A Southeast Asian crime group is targeting U.S. retailers.
Losses suffered by U.S. retailers from a major global cybercrime effort totaled an estimated $660 million in November 2022 alone.
According to data from e-commerce security platform Signifyd, a criminal enterprise believed to be based in Southeast Asia has been launching a series of online fraud attacks against U.S. retailers throughout the 2022 holiday season. During November 2022, Signifyd estimates that the fraudsters illegally obtained $660 million worth of laptops, cell phones, computer chips, gaming devices, and other goods through phony purchases.
According to Signifyd, the fraud ring, operates with sophistication similar to that of a “Fortune 500 company,” exhibiting expertise in data science, fraud detection, online payments, and e-commerce operations. The company first detected activity from the cybercrime ring in 2021, when the criminals began testing the security of various e-commerce retailers with small attempts to make fraudulent purchases.
However, in early November 2022, the criminal organization began placing billions of dollars’ worth of fraudulent online transactions. At its height, Signifyd estimates the fraud ring was attempting more than one fraudulent transaction a minute at one large retailer on its network for a full day.
The criminal group’s fraudulent transaction attempts persisted through Black Friday and into early December 2022. Although Signifyd says the “vast majority” of the ring’s fraudulent orders were turned away, enough succeeded to create significant inventory losses.

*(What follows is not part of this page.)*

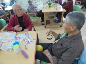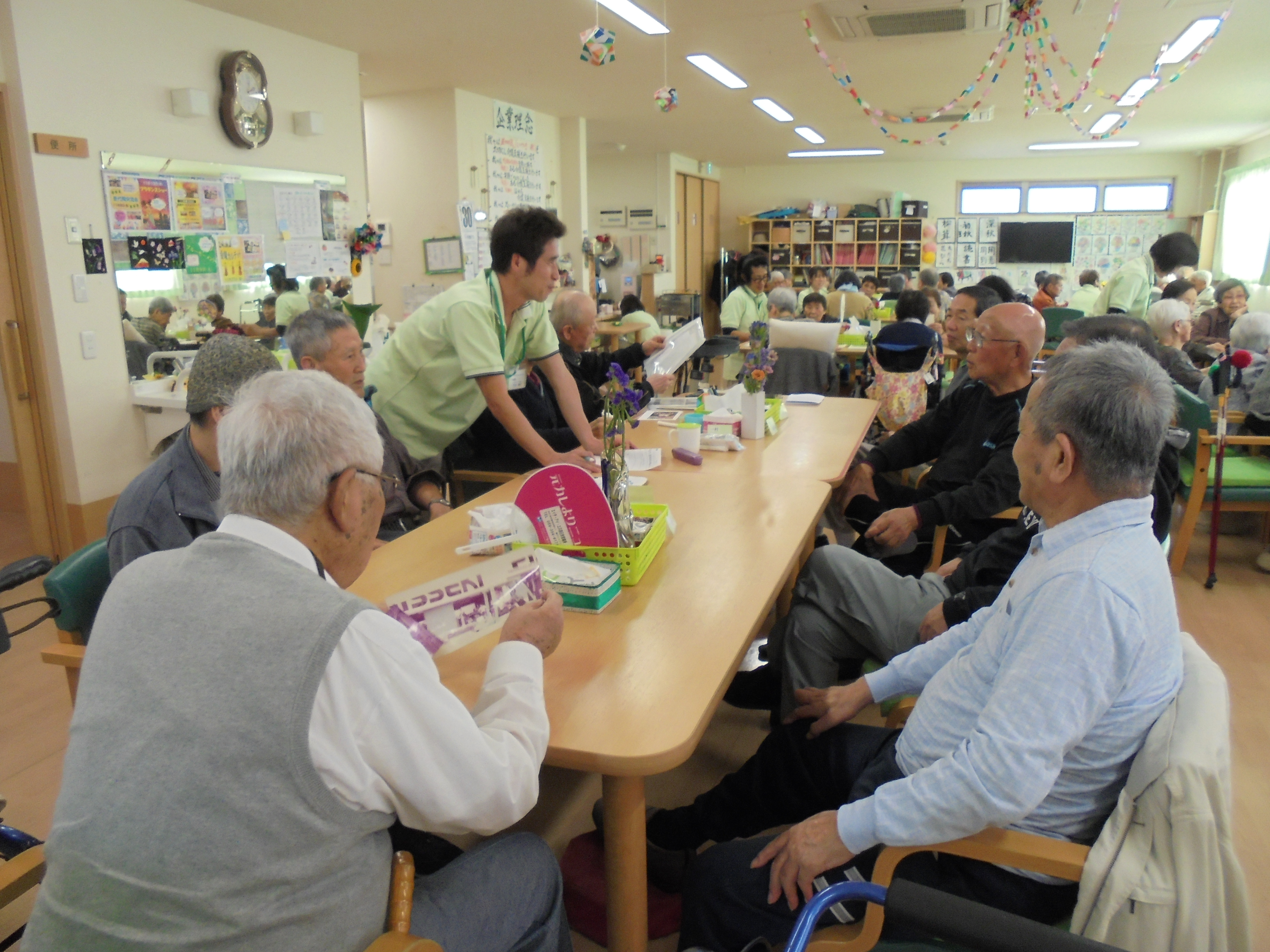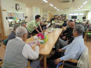 いつもは口数が少なめな男性のご利用者様の皆さんも宴会のように盛り上がっていただきました。

“What was unique about this fraud ring was that they revved up really quickly. They’re fast and strong,” said Ping Li, Signifyd VP of risk and chargeback operations. “They probably had been preparing for it for a long time and then they launched a war just before our holiday season. This is the first time I have seen an attack of this size and scale in our network.”
Although Signifyd says it has shut down the Southeast Asian ring’s fraud scheme, the group is making little effort to hide itself and it is expected to modify its strategy and launch future cyberattacks against online retailers.
Online holiday fraud rises in four areas
According to the recent “2022 Holiday Bad Bot Report” from cybersecurity company Kasada, online retailers should pay extra attention to posed by gift card fraud, fake account creation, “freebie bots,” and scraping attacks this holiday season.
Kasada saw a 6x spike in automated gift card lookups during the 2022 holiday shopping season, which it identifies as a key indicator that fraudsters are using bots to identify and steal gift card balances.
In addition, the company monitored a 3x increase in fake account creation the week before Black Friday and a 40% increase from Black Friday to Cyber Monday, along with surges in the use of bots that detect and purchase mispriced items in bulk and scraping bots that capture real-time data for use in cyber fraud.